Dear programmer,
The majority of code in existence is one or more of:
- Duplicated
- Buggy
- Confusing
- Poorly Named
- Overly verbose
- Inefficient
You need to learn to be comfortable and effective working with “bad” code, because thats the most common kind.
(Also, code that is written to different styles & conventions than your own can appear worse than it really is.)
An inability to stomach bad code can lead to:
- Obsession with code and design aesthetics of little practical impact
- Scrapping code when it becomes ugly or or stressed, and thus losing the value in it
- Difficulty making forward progress on legacy code without first refactoring it
Why is code normally bad?
The obvious explanation is the limitations and imperfections of human programers.
But I think there is a second, more innate cause.
As any system evolves, the assumptions under which code was written change, and the code & design needs to stretch. As a system grows, code duplicates and the copies diverge. Bugs emerge The system becomes stressed, and it requires active effort, in the form of refactoring, testing and bug investigation, to catch bugs, relieve stress, and factor out the duplication.

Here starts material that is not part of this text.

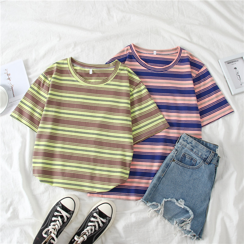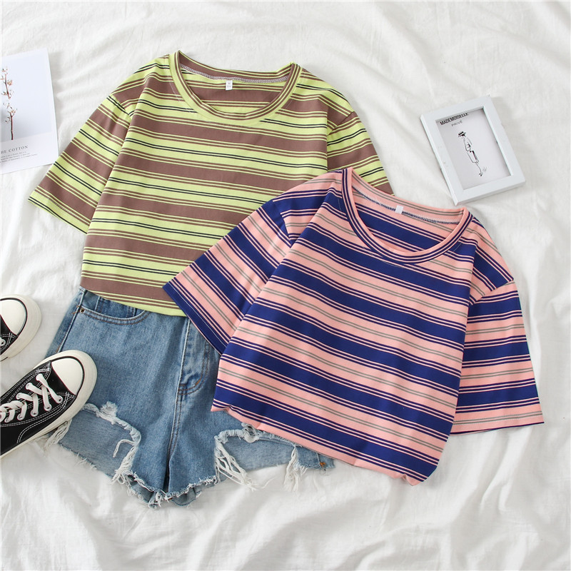 Pattern: gray-green stripes and blue-pink stripes

However, this effort costs money and/or time. This money/time is often better spent on adding new features. If code is really ugly, it may make sense to refactor, but refactoring can quickly incur higher costs than benefits. Thus, much mature code exists in a perpetual state of mild ugliness and design stress. The codebase hovers just under the “fix threshold”, in a zone where the cost/benefit ratio of removing its imperfections cannot compete against the value of additional new features.
If we programmers are going to inhabit such a world, we better get comfortable and learn to love, or at least tolerate, the flaws of the inhabitants.